→ **WHAT THE TASK REQUIRES**:
Would you print the listing that follows exactly, but without its pictures?

SUPPLIED MATERIAL below:

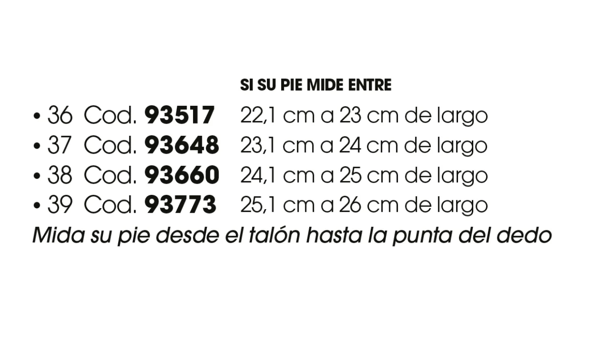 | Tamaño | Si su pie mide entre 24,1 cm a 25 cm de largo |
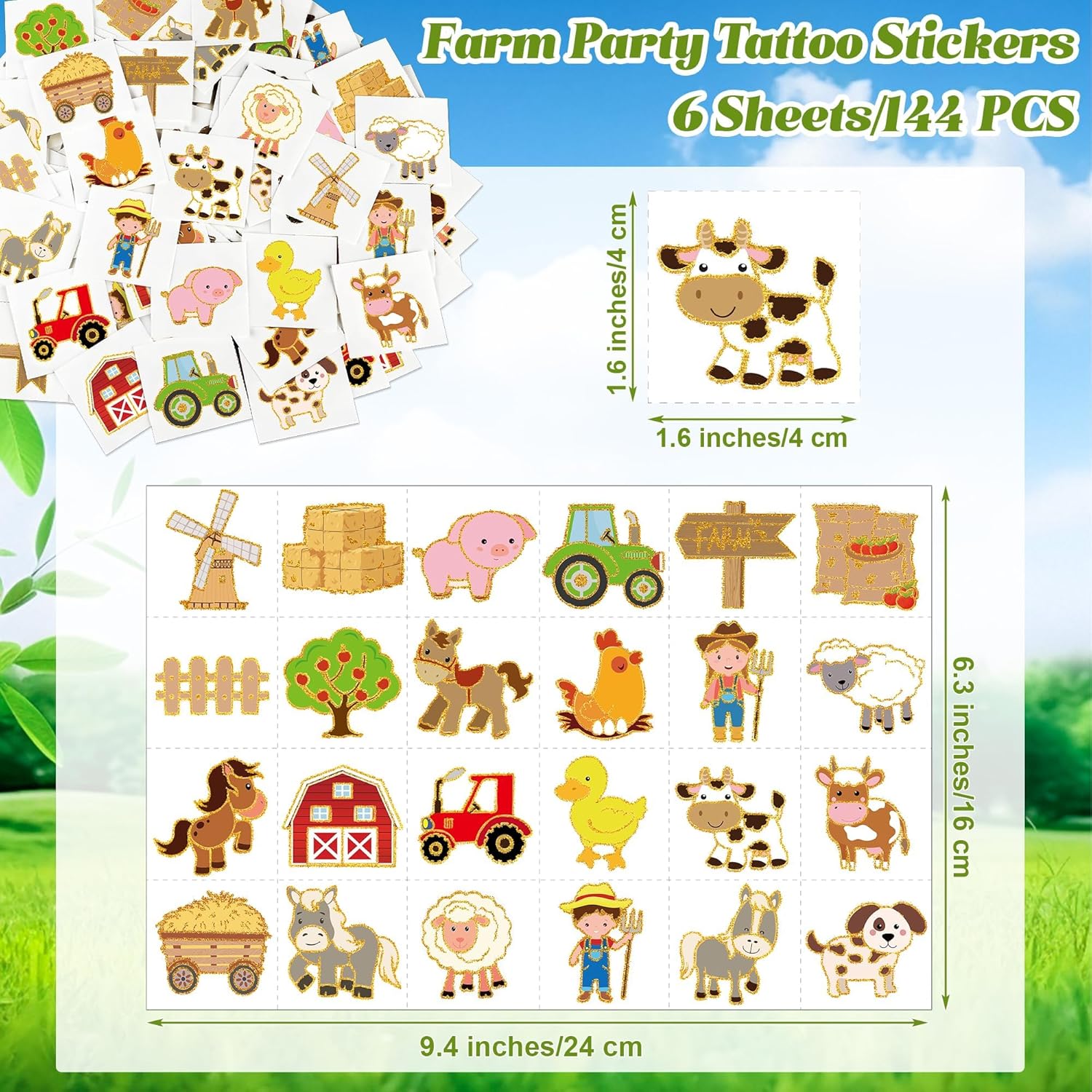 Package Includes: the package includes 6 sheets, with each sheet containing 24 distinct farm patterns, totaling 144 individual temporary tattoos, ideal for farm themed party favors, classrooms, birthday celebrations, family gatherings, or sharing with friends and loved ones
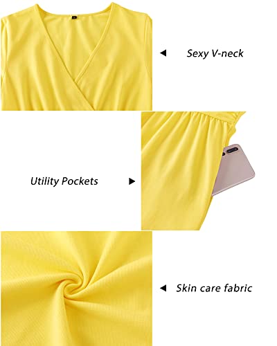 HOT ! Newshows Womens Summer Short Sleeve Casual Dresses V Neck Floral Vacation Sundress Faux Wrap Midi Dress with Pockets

End of SUPPLIED MATERIAL.

→ **COMPLETED TASK**:
 | Tamaño | Si su pie mide entre 24,1 cm a 25 cm de largo |
 Package Includes: the package includes 6 sheets, with each sheet containing 24 distinct farm patterns, totaling 144 individual temporary tattoos, ideal for farm themed party favors, classrooms, birthday celebrations, family gatherings, or sharing with friends and loved ones
 HOT ! Newshows Womens Summer Short Sleeve Casual Dresses V Neck Floral Vacation Sundress Faux Wrap Midi Dress with Pockets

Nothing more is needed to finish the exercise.